The second process of sexual selection is preferential mate choice, also called intersexual selection. In this process, if members of one sex are attracted to certain qualities in mates — such as brilliant plumage, signs of good health, or even intelligence — those desired qualities get passed on in greater numbers simply because their possessors mate more often. For example, the colourful plumage of peacocks exists due to a long evolutionary history of attraction on the part of peahens, the term for female peacocks, to males with brilliantly-coloured feathers.

In all sexually-reproducing species, adaptations in the sexes — both males and females — exist due to survival selection and sexual selection. Returning to the question of human reproductive adaptations, we might ask ourselves what these might be. For example, is there a human “equivalent” to peacock tail plumage? Are there human signals of desirable genes that are fundamentally important in human courtship? One of the challenges to understanding reproductive adaptations might be our inability to see ourselves as evolved animals subject to reproductive pressures throughout our evolutionary history just as other non-human animals have been. Furthermore, unlike other animals where one sex has dominant control over mate choice, humans have mutual mate choice. That is, both women and men typically have a say in choosing their mates, and both mates value qualities such as kindness, intelligence, and dependability that are beneficial to long-term relationships, which are qualities that make good partners and good parents. Understanding human adaptations requires us to think critically about the life challenges that have impacted humans over millennia. Unfortunately, our knowledge of these challenges is limited and sometimes requires us to make assumptions rather than rely on hard evidence.

Gene selection theory

In modern evolutionary theory, all evolutionary processes boil down to an organism’s genes. Genes are the basic units of heredity; that is, genes are the information that is passed along in DNA that tells the cells and molecules how to “build” the organism and how that organism should behave. Genes that are better able to encourage the organism to reproduce, thus replicating themselves in the organism’s offspring, have an advantage over competing genes that are less able. For example, take female sloths. In order to attract a mate, they will scream as loudly as they can to let potential mates know where they are in the thick jungle. Now, consider two types of genes in female sloths: one gene that allows them to scream extremely loudly and another that only allows them to scream moderately loudly. In this case, the female sloth with the gene that allows her to shout louder will attract more mates — increasing reproductive success — which ensures that her genes are more readily passed on than those of the quieter sloth.

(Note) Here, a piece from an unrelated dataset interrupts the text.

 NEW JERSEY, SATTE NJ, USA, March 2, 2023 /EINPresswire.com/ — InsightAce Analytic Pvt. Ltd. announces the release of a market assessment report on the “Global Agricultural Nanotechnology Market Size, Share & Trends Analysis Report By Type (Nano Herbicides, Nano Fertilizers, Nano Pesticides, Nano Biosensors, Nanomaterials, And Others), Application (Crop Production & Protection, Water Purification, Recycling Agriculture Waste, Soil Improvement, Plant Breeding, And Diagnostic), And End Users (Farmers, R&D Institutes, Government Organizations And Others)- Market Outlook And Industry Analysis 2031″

Essentially, genes can boost their own replicative success in two basic ways. First, they can influence the odds for survival and reproduction of the organism they are in; this is called individual reproductive success or fitness, as we saw in the example with the sloths. Second, genes can also influence the organism to help other organisms who also likely contain those genes — known as “genetic relatives” — to survive and reproduce; this is called inclusive fitness. For example, why do human parents tend to help their own kids with the financial burdens of a college education and not the kids next door? Well, having a college education increases one’s attractiveness to other mates, which in turn increases one’s likelihood for reproducing and passing on genes. Because parents’ genes are in their own children, and not the neighbourhood children, funding their children’s educations increases the likelihood that the parents’ genes will be passed on.

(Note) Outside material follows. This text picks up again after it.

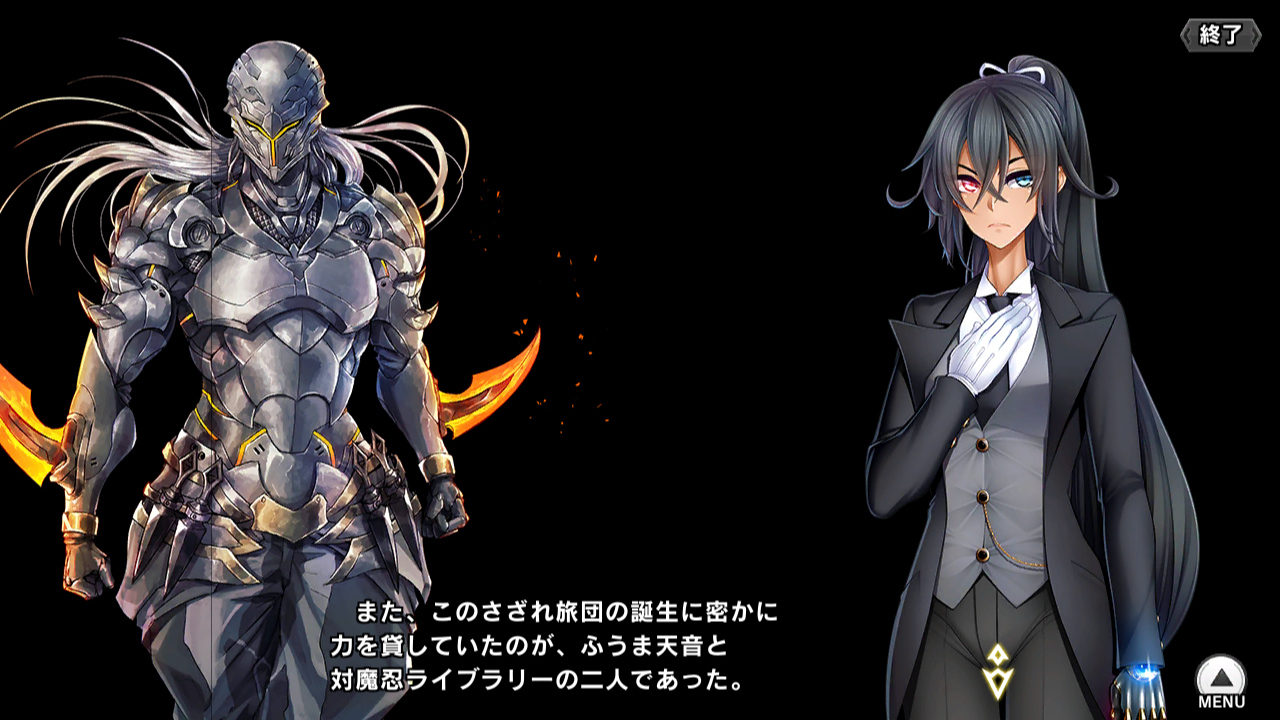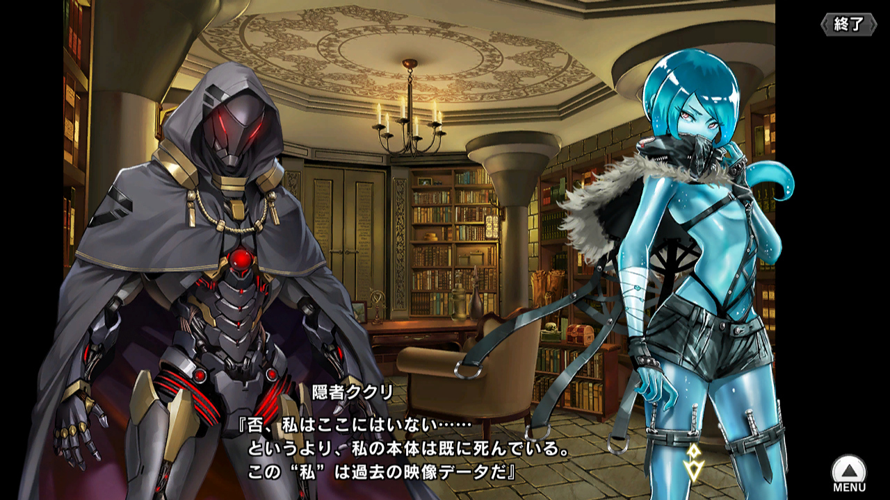▲空間の主はストーリーイベント"文香とフェリシア"に登場した謎のブレインフレーヤー(多分)の隠者ククリだった。つまりトラップは魔術ではなくブレインフレーヤーの謎テクノロジーなのだが、まぁ人間に区別はつかない。彼は侵入者を排除しようとするが、お諒がどこでもドアでリゾート地(ククリがバカンスに行きたい時用)に飛んで行ったり、いろいろあって戦意をくじかれ、ローレライに金を払って手打ちにする。三郎にも何かをくれたようだが、何をくれたかは不明

Understanding gene replication is the key to understanding modern evolutionary theory. It also fits well with many evolutionary psychological theories. However, for the time being, we will move beyond our discussion of genes and focus primarily on actual adaptations that evolved because they helped our ancestors survive and/or reproduce.

Evolutionary psychology

Evolutionary psychology aims the lens of modern evolutionary theory on the workings of the human mind. It focuses primarily on psychological adaptations, which are mechanisms of the mind that have evolved to solve specific problems of survival or reproduction. These kinds of adaptations are in contrast to physiological adaptations, which are adaptations that occur in the body as a consequence of one’s environment. One example of a physiological adaptation is how our skin makes calluses. First, there is an “input,” such as repeated friction to the skin on the bottom of our feet from walking. Second, there is a “procedure,” in which the skin grows new skin cells at the afflicted area. Third, a callus forms as an “output” to protect the underlying tissue; the tougher skin to protect repeatedly scraped areas is the final outcome of the physiological adaptation. On the other hand, a psychological adaptation is a development or change of a mechanism in the mind. For example, take sexual jealousy. First, there is an “input,” such as a romantic partner flirting with a rival. Second, there is a “procedure,” in which the person evaluates the threat the rival poses to the romantic relationship. Third, there is a behavioural “output,” which might range from vigilance (e.g., snooping through a partner’s email) to violence (e.g., threatening the rival).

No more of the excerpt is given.